*EXERCISE*
Starting at the line that contains "冷めたら取り出しておいた黄身", write out every line through the end of the records below exactly as it appears, and leave out all pictures.

*RECORDS PROVIDED*
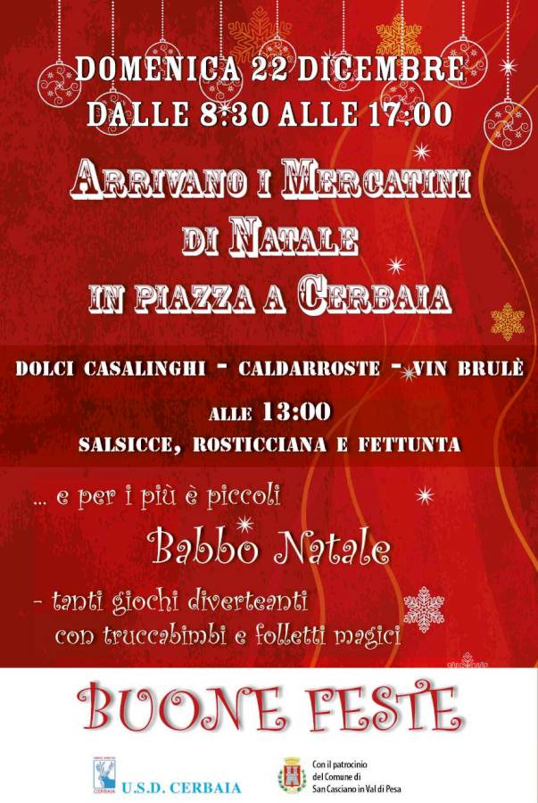 Per tutta la giornata i mercatini natalizi e Babbo Natale vi aspetteranno in piazza. Inoltre l'Usd Cerbaia sarà presente con fettunta, caldarroste, vin brulè. E, dalle 13, con salsicce e rosticciane per tutti.
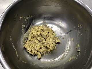 冷めたら取り出しておいた黄身も一緒にボウルに入れて混ぜ合わせる。塩、胡椒で味を調える。
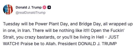 Вівторок буде Днем електростанції та Днем мосту – два в одному. Нічого подібного раніше не було! Відкрийте чортову протоку, скажені покидьки або ви будете жити в пеклі.
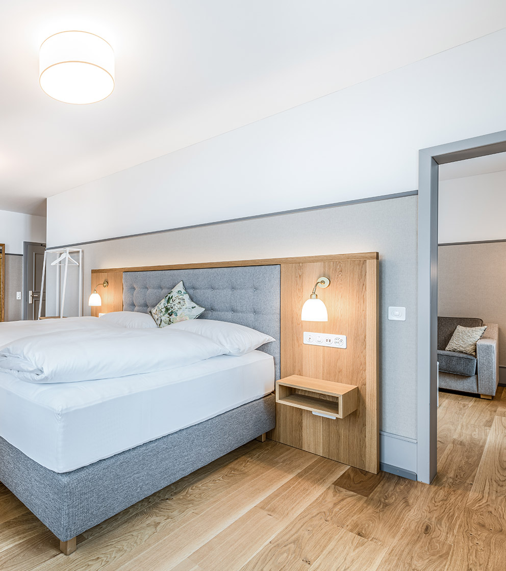 Unsere Familiensuiten bietet mit einem separaten Schlafzimmer und einem charmanten Wohnbereich auf 36 m² viel Raum für gemeinsame Zeit – ideal für Familien mit bis zu 5 Personen. Das gemütliche Sofa lässt sich in ein grosses Doppelbett verwandeln und bei Bedarf kann ein Zustellbett bereitgestellt werden. Im separaten Schlafzimmer sorgt das hochwertige Boxspringbett (180 x 200 cm) für erholsamen Schlaf, während das private Badezimmer eine geräumige Dusche sowie Kosmetikspiegel und einen Fön bietet.
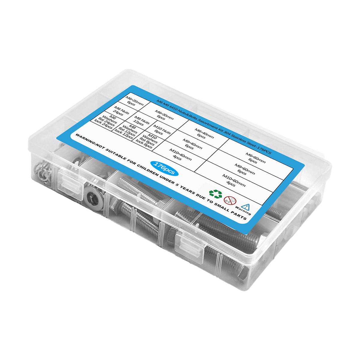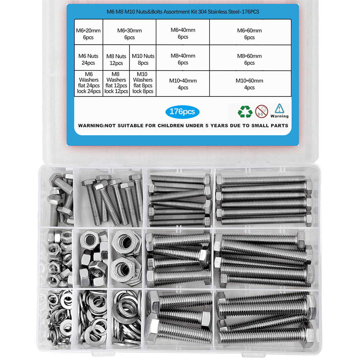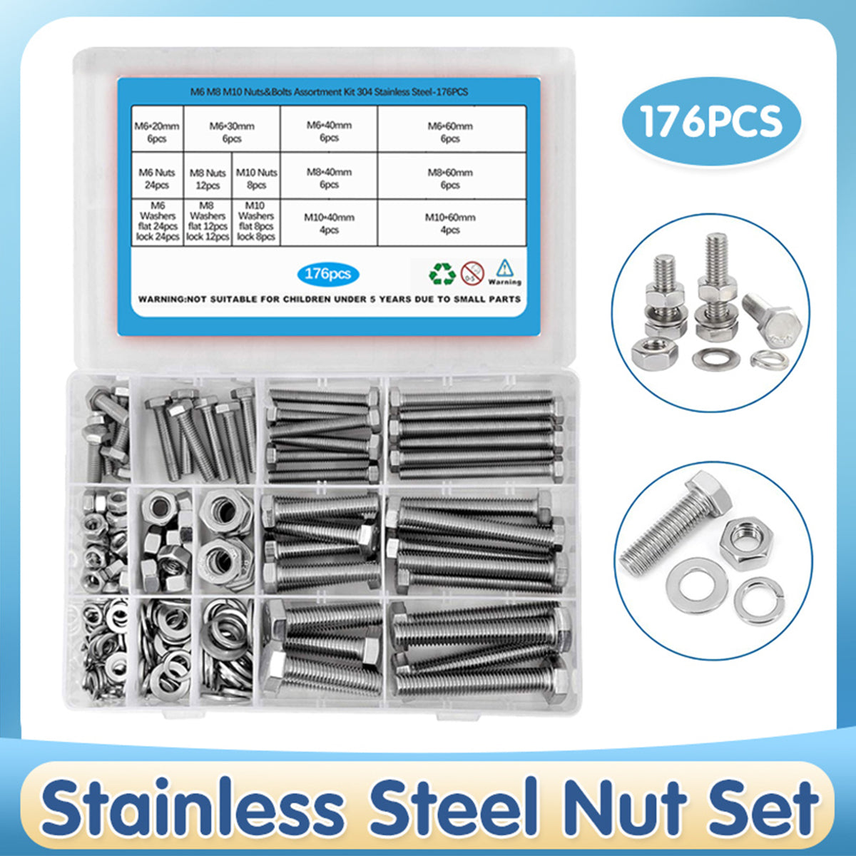 176PCS Stainless Steel Nut Set Silver Hardware Fasteners for Car Home DIY Repair

*TASK SOLUTION*
 冷めたら取り出しておいた黄身も一緒にボウルに入れて混ぜ合わせる。塩、胡椒で味を調える。
 Вівторок буде Днем електростанції та Днем мосту – два в одному. Нічого подібного раніше не було! Відкрийте чортову протоку, скажені покидьки або ви будете жити в пеклі.
 Unsere Familiensuiten bietet mit einem separaten Schlafzimmer und einem charmanten Wohnbereich auf 36 m² viel Raum für gemeinsame Zeit – ideal für Familien mit bis zu 5 Personen. Das gemütliche Sofa lässt sich in ein grosses Doppelbett verwandeln und bei Bedarf kann ein Zustellbett bereitgestellt werden. Im separaten Schlafzimmer sorgt das hochwertige Boxspringbett (180 x 200 cm) für erholsamen Schlaf, während das private Badezimmer eine geräumige Dusche sowie Kosmetikspiegel und einen Fön bietet.
 176PCS Stainless Steel Nut Set Silver Hardware Fasteners for Car Home DIY Repair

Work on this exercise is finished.